A couple of weeks later, though, he wrote a June 3 letter to Oklahoma legislators urging them to adopt Common Core. He wrote that the standards have been "near and dear to my heart" since his time as governor of Arkansas, and he found criticisms of the standards "disturbing."

"Like many of you, I've heard the argument these standards 'threaten local control' of what's being taught in Oklahoma classrooms," Huckabee wrote. "Speaking from one conservative to another, let me assure you this simply is not true. States and local school districts will determine how they want to teach kids, what curriculum to use, and which textbooks to use." [Emphasis in original.]

Besides the monologue, Huckabee devoted a lengthy segment of his show discussing Common Core with three critics of the standards: Julie Craig, a parent who began homeschooling because of her disappointment with Common Core, Carol Burris, a New York principal who once supported Common Core but is now opposed, and Ethan Young, a Tennessee high school senior whose anti-Common Core speech at a school board meeting went viral on YouTube.
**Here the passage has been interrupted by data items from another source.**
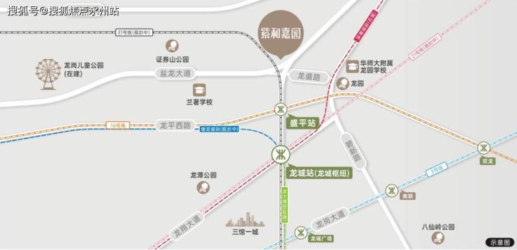 项目近邻16号线盛平站,同时周边还规划了地铁31号线:另外,在建的龙城枢纽站规划为地铁21号线。深惠城际线、塘龙城际线、地铁31号线四线交汇,届时项目可于此快速换乘通达全城。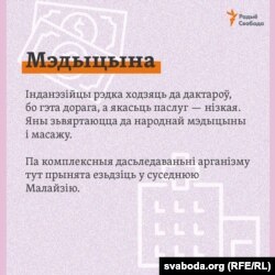 «Аднойчы я суправаджала ў шпіталь свайго сябра-інданэзійца з высокай тэмпэратурай, які меў страхоўку. Спачатку яму сказалі, што ў яго гастрыт, зрабілі іньекцыю і адправілі дадому. Яму лепш ня стала, у яго ўзялі кроў і сказалі, што яго ўкусіла дэнге (камарыха), выпісалі лекі на $100 і адправілі дадому. Калі мы прыехалі трэці раз, яму ўрэшце зрабілі тэст і выявілі, што гэта ковід. І гэта адзін з найлепшых шпіталёў у горадзе. Гэта адна з прычын, чаму тут ня ходзяць да дактароў, — дорага і малаякасна», — расказвае дзяўчына.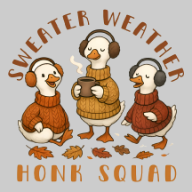 Bring playful fall vibes to your apparel with this “Sweater Weather Honk Squad” DTF transfer, featuring three adorable geese dressed in cozy sweaters and earmuffs, sipping warm drinks, and surrounded by autumn leaves. With its charming mix of humor and seasonal style, this design is perfect for sweatshirts, hoodies, totes, and tees. Ideal for pumpkin patches, fall festivals, or everyday autumn wear, it’s sure to be a customer favorite. Smash Transfers’ premium DTF process ensures bold colors, crisp details, and long-lasting durability on cotton, polyester, and blends. A must-have for anyone who loves quirky fall fashion and cozy sweater weather.
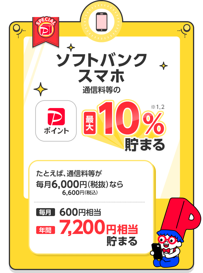 SoftBank 光/Airのみをご利用のお客さまは1.5%となり、PayPayポイントでの付与となります。PayPayポイントはご利用料金200円(税込)ごとに付与。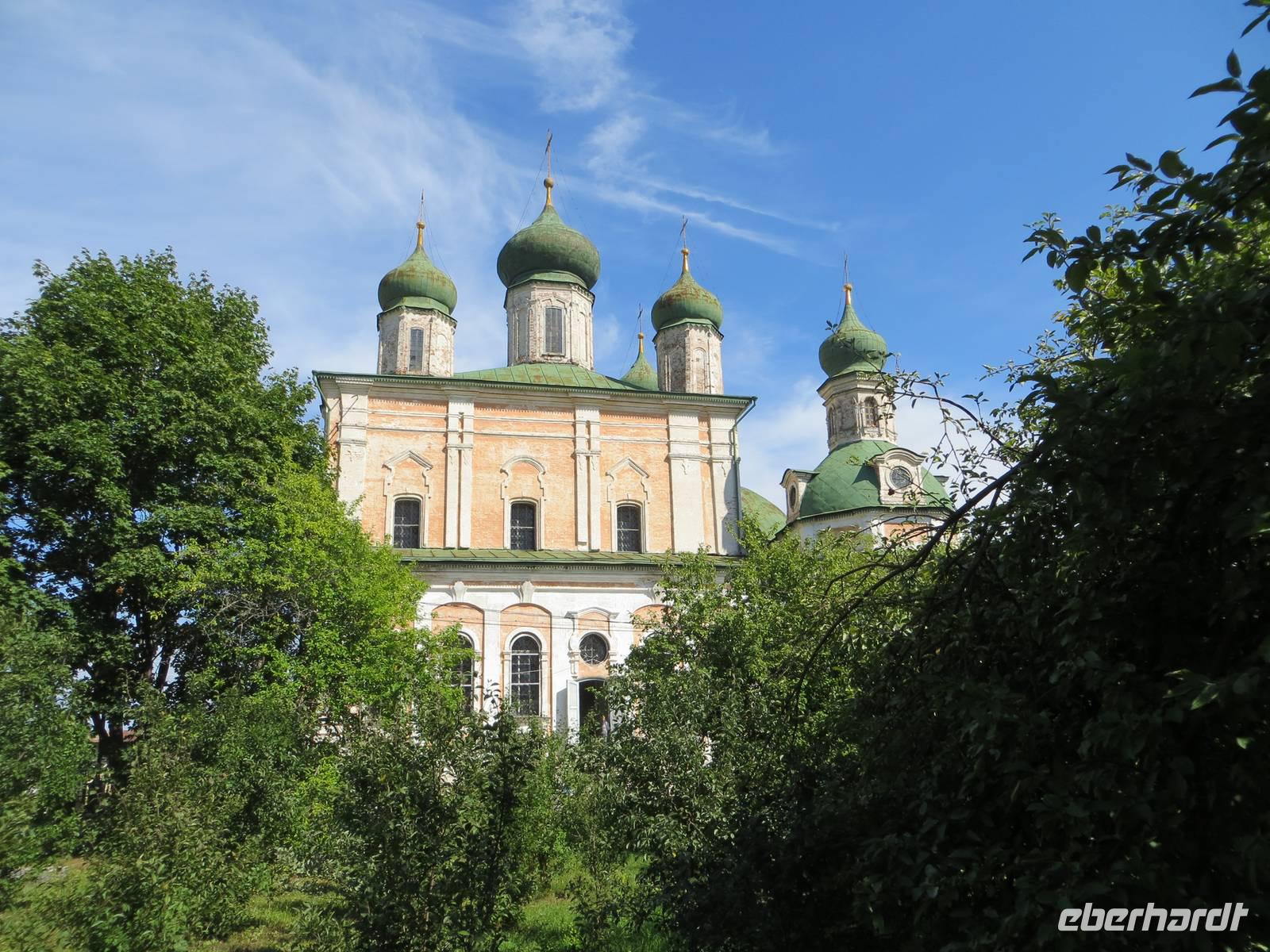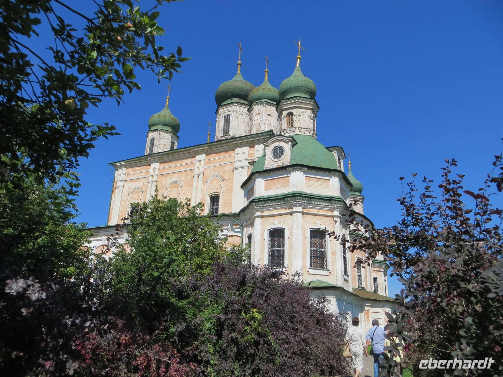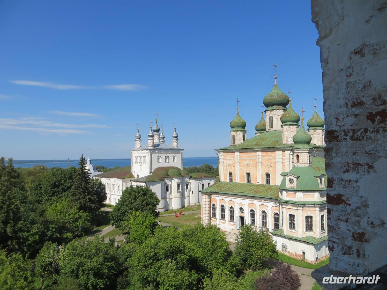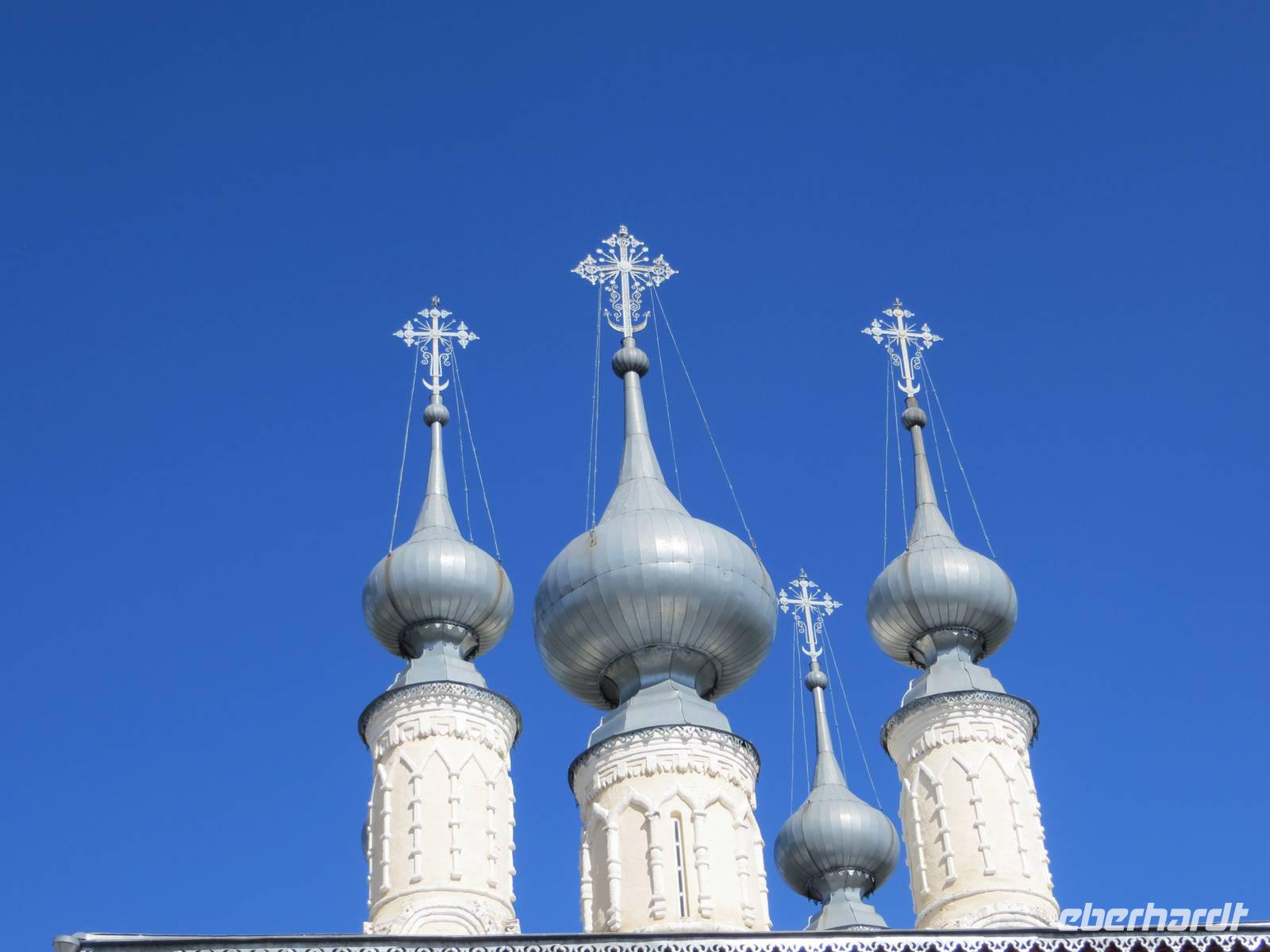 Durch touristisch völlig unerschlossenes Gebiet ging es nördlich Moskaus durch Felder, Wiesen und Wälder; vorbei an meist einstöckigen Holzhäusern, riesigen Pflanzen Bärenklau und über manche Welle im Straßenbelag. Erkenntnis: Russland beginnt bereits vor den Toren Moskaus. Zur Mittagszeit trafen wir in Pereslawl Salesski ein, einer Stadt, die 1152 durch Juri Dolguruki gegründet wurde. Ein erster Fotostopp an der Christi-Verklärungs-Kathedrale am hiesigen Roten Platz. Besichtigung dann des Bergklosters. Vom gewaltigen Bauwerk auf einem Hügel besteht ein prächtiger Blick auf den Ort mit zahlreichen glitzernden Kirchtürmen bis hinüber zum Plewtschejewo-See. Hier plante einst Peter I. den Aufbau einer russischen Marine.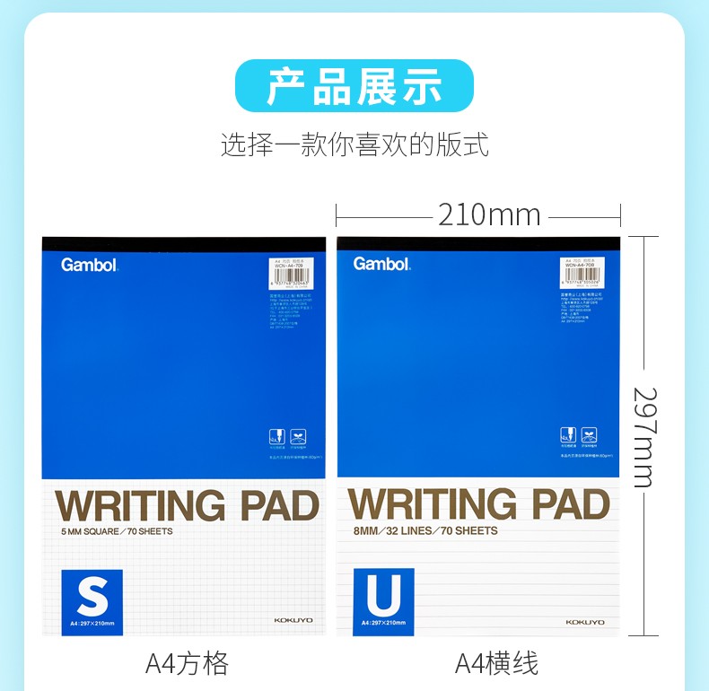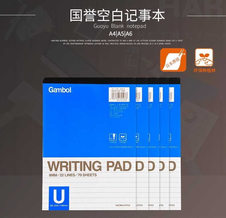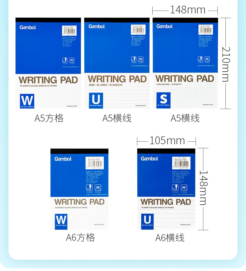 國譽(KOKUYO)Gambol渡邊A4|A5|A6豎翻軟面本學生用草稿本記事本拍紙本橫線空白筆記本 WCN-A5-708 A5/70頁 橫線/本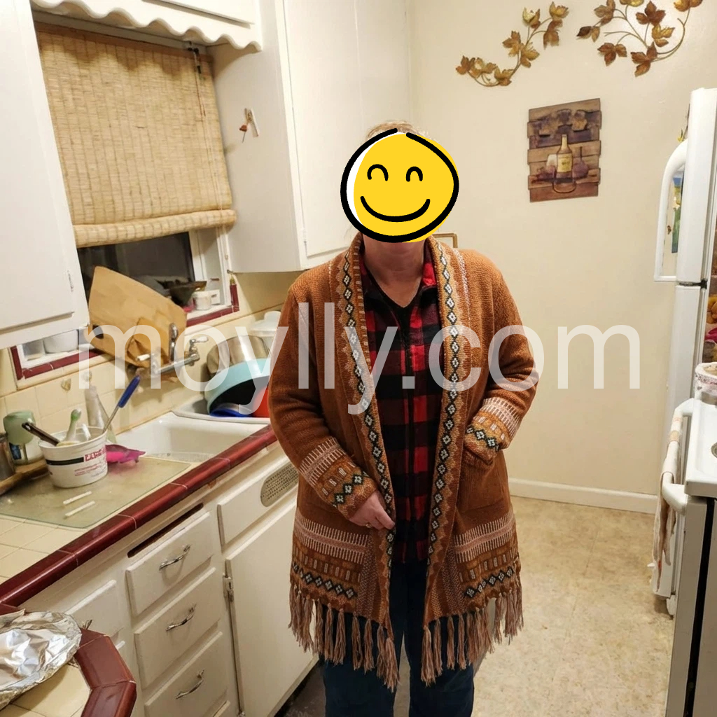 I wasn’t sure about the color online, but in person it’s even better—rich, earthy, and easy to match. The pattern looks crisp, and the knit texture feels comfortable against my skin. I also love the long sleeves and the fringe detail; it makes the cardigan look styled rather than just thrown on. I’ve worn it to brunch and on weekend errands, and it keeps me feeling cozy without overheating. The fit is flattering and gives a nice loose silhouette. I’m very happy with this purchase.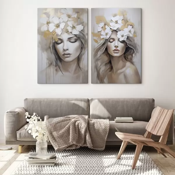 Tableau Portrait abstrait d'une jeune fille avec des fleurs, imitation d'une peinture Nr m01034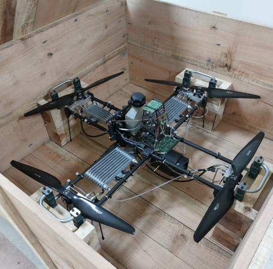 Puis, entre 2018 et 2025, ce projet est repensé pour respecter la réglementation française en vigueur qui impose un poids inférieur à 25kg pour les drones. Ses composants hydrauliques doivent être miniaturisés, se mutant en première mondiale. Enfin, le 31 juillet dernier, c’est l’aboutissement de cette décennie de recherches : le premier drone quadrirotor à propulsion hydraulique prend son envol.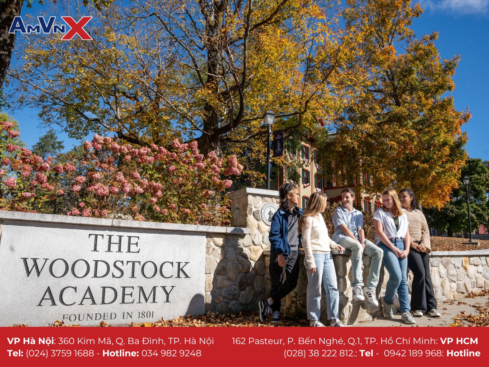 Để tìm hiểu thêm về Trường nội trú The Woodstock Academy và có những đánh giá khách quan trong quá trình lựa chọn môi trường cho con. Mời ba mẹ liên hệ với AMVNX - Tổ chức giáo dục Mỹ với 15 năm hỗ trợ học sinh, sinh viên du học để được đội ngũ chuyên viên tư vấn. giải đáp và “gỡ rối” mọi vấn đề cho cha mẹ trên hành trình cho con du học tại xứ sở cờ hoa nhé.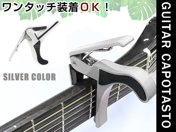 メール便 ギターカポ☆アコースティックギター フォークギター エレキギター 対応 バネ式クリップタイプ カポタスト カポ シルバー 銀
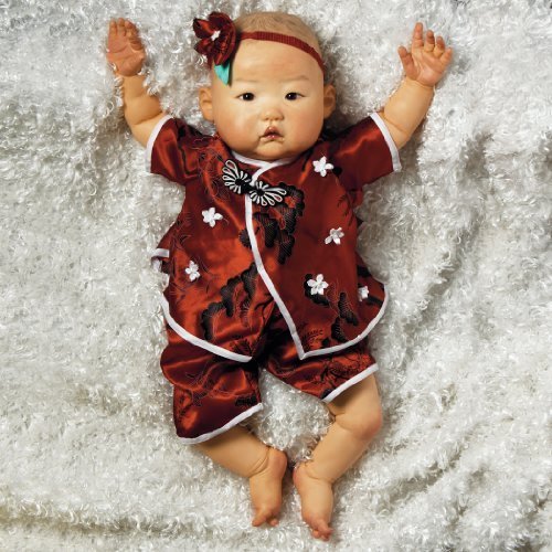A lifelike 20 inch Asian baby doll sculpted by renowned artist Ping Lau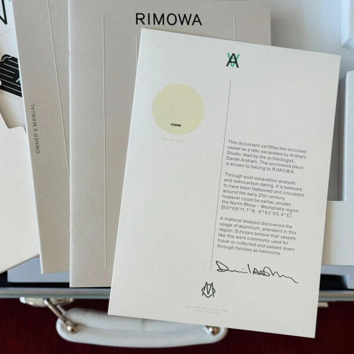 Лимитированная скульптура RIMOWA, подписанный рисунок, персональное письмо художника со специальным набором багажных стикеров, разработанных RIMOWA вместе с Даниэлем Аршамом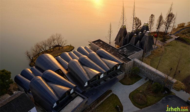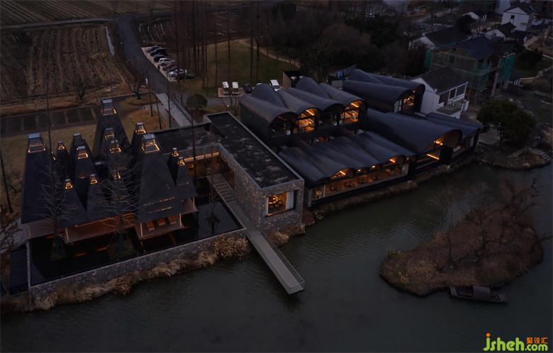 在蘇州吳江區(qū)的善灣村,田園村落的寧謐、河水的幽幽寬廣與歷史文脈相融。船塢酒店便坐落于這悠揚(yáng)空間的風(fēng)景之中。波紋般起伏的黑屋頂建筑群落,猶如聚集起來??堪哆叺臑跖翊?,時(shí)而婉轉(zhuǎn)悠揚(yáng),時(shí)而寧?kù)o動(dòng)人,成為岸邊水墨畫卷的點(diǎn)睛之筆。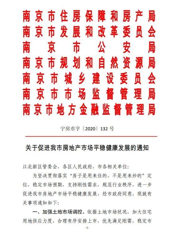 今日凌晨,南京市住房保障和房产局等7部门联合出台楼市新政,进一步加强土地市场调控,完善住房限购政策,支持刚性购房需求,以贯彻落实“房子是用来住的、不是用来炒的”定位,促进该市房地产市场平稳健康发展。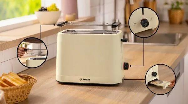 Тостер Bosch TAT3M127 (950 Вт  бежевый) - Интернет-магазин Электроника: бытовая техника, электроника, товары для дома и др.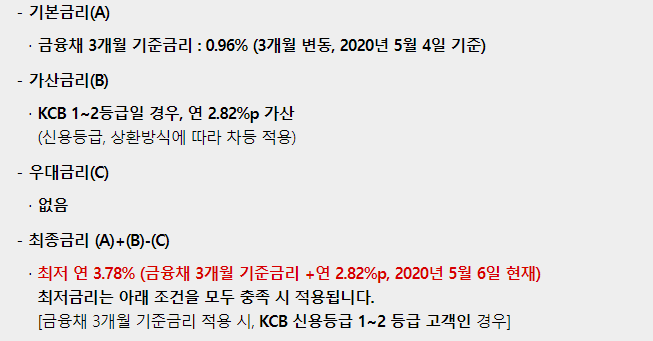 연간 최저 2.82%의 금리가 적용될 수 있지만 본인의 신용등급 및 대출조건 등에 따라 차등 책정될 수 있으니 유의바랍니다.

While many critics of the Common Core will likely welcome Huckabee to their side, some of these critics will surely disagree with all of Huckabee's diagnosis of the problem. Huckabee appears to be critical of the implementation of the Common Core while supportive of the standards themselves.

While Huckabee says that Common Core has become a "perversion of the original goal," other critics argue that the standards themselves are part of the problem. The standards are inferior to some existing standards, they argue, and use experimental, untested teaching methods.